Debt ceiling: How the 2023 drama is ‘100% different’ than 2011
Many in Washington and Wall Street are looking to 2011 as a reason not to freak out about the current debt-ceiling standoff. That year, a similar crisis ended with a last-minute agreement.
Investors “are thinking, I've seen this movie many times before and I know the end of it,” Moody's Analytics chief economist Mark Zandi said.
But should investors really be so sanguine? Maybe not, according to Mike Sommers, who had a front-row seat to the drama in 2011 as chief of staff for then-Speaker John Boehner.
This year’s showdown, he said, “is 100% different,” adding: “I just don't know where the deal space is here.”
Several key factors that were in place during 2011 are missing this time around. Back then, the talks began much earlier and there was a different political environment and mutual agreement from the get go that deficit reduction was a top priority for both sides.
President Obama and Boehner also socialized in their off hours, making dealmaking a little easier.
“We had a willing dance partner in President Obama who understood that the political dynamics changed significantly in 2010 and that he needed a deal on this,” said Sommers, who is now the CEO of the American Petroleum Institute.
Similarities and differences
Both the current standoff and 2011 are similar in one respect: They feature a Democratic president on the eve of a re-election bid facing off against a newly ascendant House GOP majority intent on curbing what they see as his excesses.
But those 2011 talks began early and after Obama had established the Bowles-Simpson Commission a year earlier with a mission of finding a balanced budget.
Those talks also featured a completely different personal dynamic between the leaders. Obama and Boehner saw each other again and again in the months that led up to that deal, from the formal meetings to golf outings.
By contrast, President Biden and Speaker McCarthy have only been in the same room a handful of times in 2023 and their interactions have more often been notable for heated remarks and personal acrimony.
Staff meetings also only began in recent days as the leaders belatedly try to find their way to a bipartisan deal against a very tight timeline.
Changes to the political landscape
The vast differences with 2011 are a result of shifts in the political landscape on both sides of the aisle.
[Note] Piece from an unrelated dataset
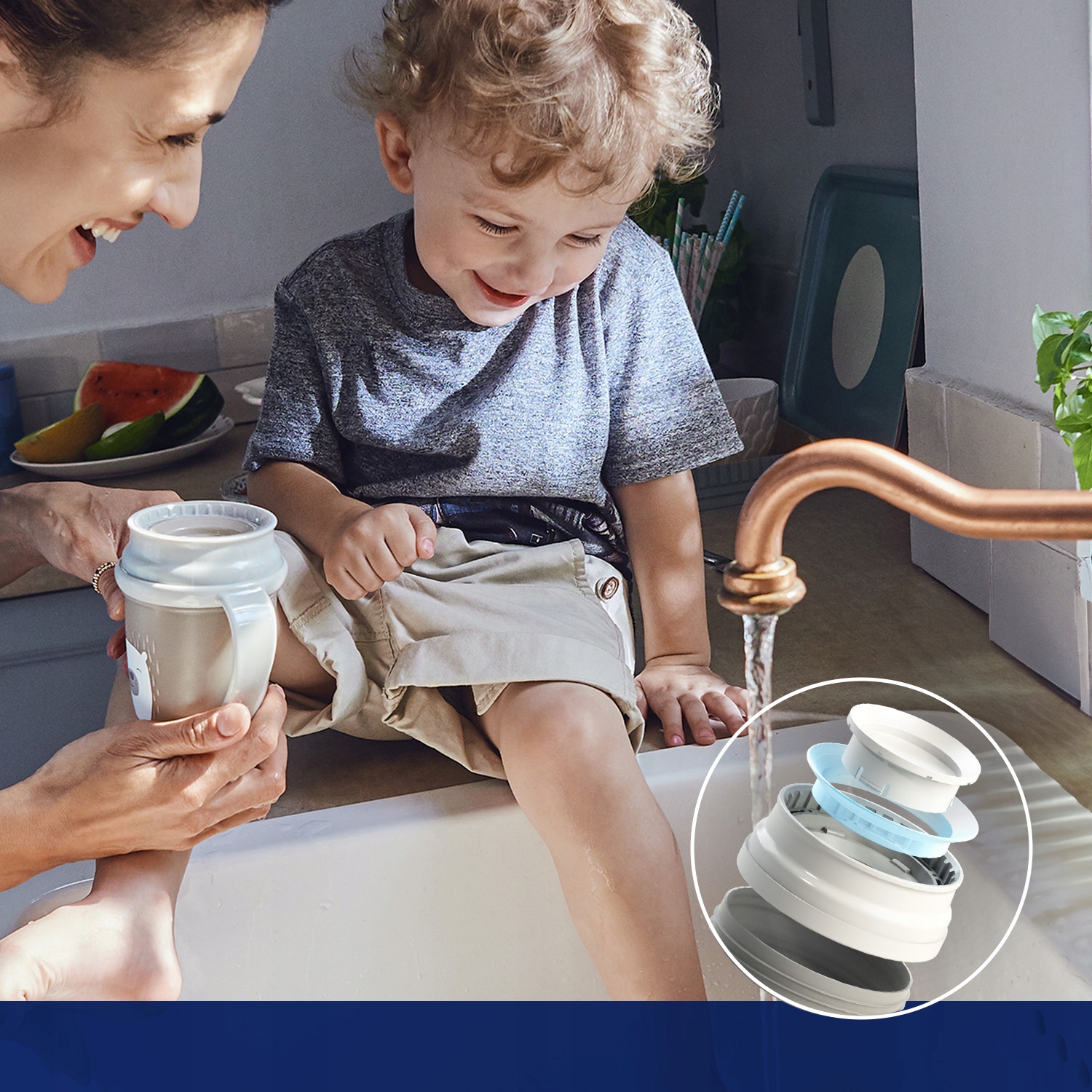 Благодаря инновационному уплотнению жидкость может всасываться из любой точки по краям. Это приучает ребенка к естественному, взрослому способу питья из открытой чашки и стакана, но не проливая.

Some of those shifts are the result of how the 2011 crisis played out.
For Biden, who was right in the middle of those earlier talks as a lead negotiator, things are different now precisely because the 2011 openness to negotiate was later seen by Democrats as a mistake.
Veterans of the Obama administration have regularly expressed regret that they agreed to negotiate on something they say should be inviolable: the full faith and credit of the United States.
The then-Vice President came out clearly looking for a different approach in the future. “I’d be frustrated if I was sitting there as well,” Biden said in August 2011 of his Democratic colleagues even as he rounded up votes for the deal that eventually passed.
This time around, Biden and his team may be sitting down to negotiate but they are still stretching some credulity by maintaining even the talks this week are actually negotiating on spending cuts more generally, not over the debt limit per se.
On the other side, Republicans look to 2011 as a model for how to use the debt ceiling as leverage but the political dynamics have changed there as well.
This time around, the powerful conservative wing of the GOP caucus has driven the GOP to demand much more and given McCarthy much less room to negotiate.
Last month, Republicans passed a sprawling proposal that is essentially a GOP wishlist not just focused on spending levels and deficits, but also addressing topics like tax policy, student loans and the Biden’s administration’s climate change policies.
The legacy of 2011
The 2011 crisis eventually ended just two days before the Treasury Department had projected the U.S. would run out of cash.
It was the last time a debt-ceiling agreement resulted in concrete deficit reduction. The Budget Control Act of 2011 led to $917 billion in deficit reduction over the following decade, according to the Committee for a Responsible Federal Budget.
But it also came with steep costs. Markets swooned in the summer of 2011 and the brush with default led to the US receiving its first credit downgrade in history.
Even with the memory of those costs, the concerns remain that both Washington and the financial sector are downplaying the chances of a default, an event that Treasury Secretary Janet Yellen said this week would mean “economic and financial catastrophe.”
Mike Konczal, a director at the Roosevelt Institute, noted in a press briefing Monday that in looking at recent history “I worry that the lesson [lawmakers] are taking is that a solution will show up at the last minute, as it did in 2011.”
Ben Werschkul is Washington correspondent for Yahoo Finance.